54gene’s empowerment on the matter and Bost’s appointment from her legal role as interim CEO raises arbitrary questions and leaves room for interpretation leaning toward these allegations, especially as both co-founders resigned a few weeks apart. names. However, in an email to ukbusinessupdates.com, the company subtly argues that Osifo’s layoff had been going on for a while and was unrelated to this month’s activities, while Bost, who was hired last September, was what 54gene needed — with the support of COO Delali Attipu – for the next stage.
“Teresia is a versatile executive with deep experience in the global pharmaceutical and biotech industries, leading global teams and overseeing corporate governance,” the company said. “These skills, combined with her broad experience in managing business operations and translating complex regulatory requirements, will be invaluable at the helm of 54gene in this next phase of the business. Delali and Teresia will make a great team that together will strengthen 54gene’s position as the genomics leader in the industry.”
Meanwhile, 54gene stated that his ex-chief executive “will continue to support the company in its plans for the future, such as strategic partnerships and fundraising,” without explaining why he resigned.
However, according to several people aware of the events at the company, the terms of 54gene’s new deal contributed to Ene-Obong’s resignation. They say Ene-Obong — who retained his position on 54gene’s board of directors while transitioning to a new role as a senior advisor — may have resigned as CEO in protest at 54gene’s new valuation and liquidation preference offered by investors in the bridging round. It is speculated that some investors also tried to replicate the company’s previous price round to gain more shares, while diluting those of its founders and other investors. 54gene declined to comment on the matter.

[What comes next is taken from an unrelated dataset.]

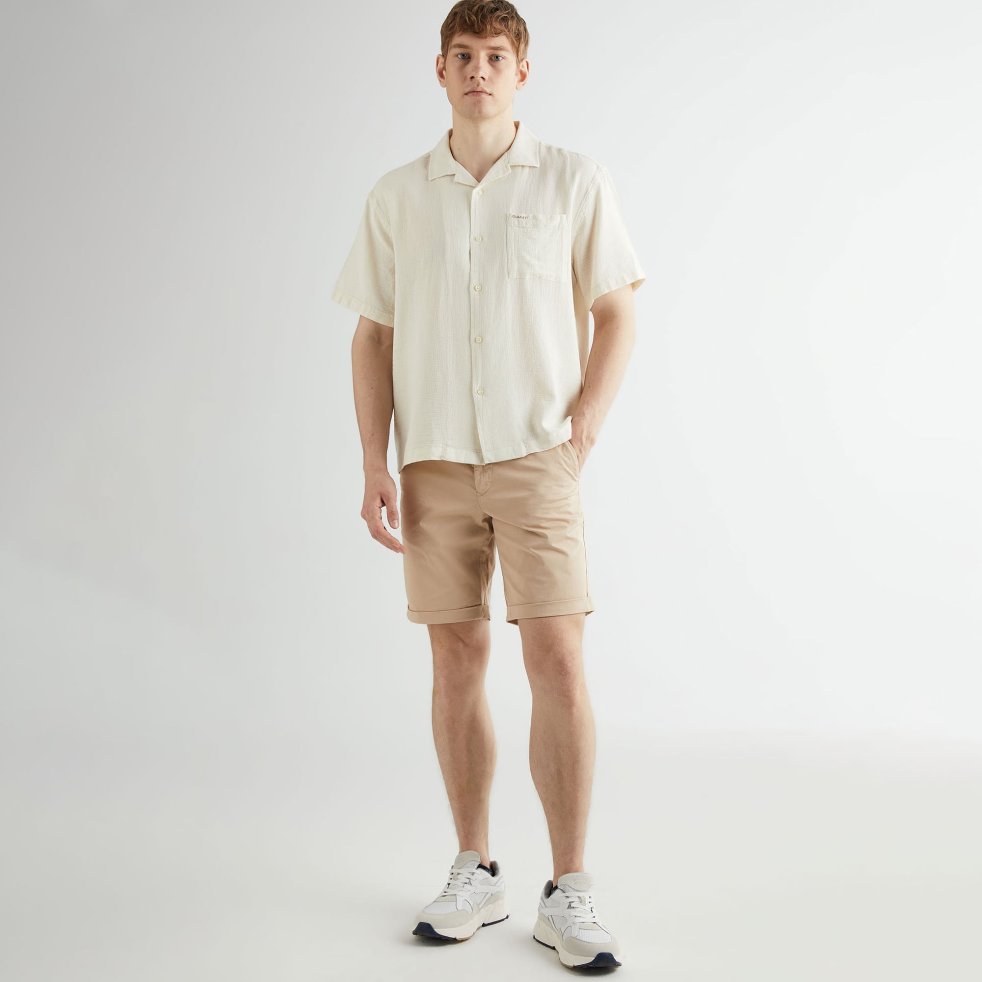 Bu chino şort özel bir boya ile yıkanarak güneşte solmuş bir görünüm elde edilmiştir. İnce pamuklu tivil ve esnek pamuk karışımından üretilen bu şort, regular fit kesime ve orta bele sahiptir. Ayrıntılar arasında önden düğmeli kapama, önden eğimli cepler, katlanabilir paça ve korozo düğmeler yer alır. Giymesi rahat ve sıkça başvuracağınız bir temel parça olarak yaz boyunca sıkça tercih edebilirsiniz.

The fact that 54gene had to arrange a bridging round internally despite raising more than $45 million in the past three years is a reminder that biotech projects are very capital intensive – for example, it costs about $700 to sequence a human genome (a of 54gene’s key procedures). Typically, biotech companies put investors’ money into research while thinking about revenue later, and 54gene is no different. Still, the way genome startup is aggressively cutting costs by laying off staff in two batches — and closing the clinical diagnostic arm — is somewhat troubling, despite the obvious effects of the pandemic. This current crisis, coupled with the arduous task ahead of the company, has also left many tech observers questioning whether current and past executives can keep the moonshot project afloat long enough to generate substantial revenue, let alone build a solid business.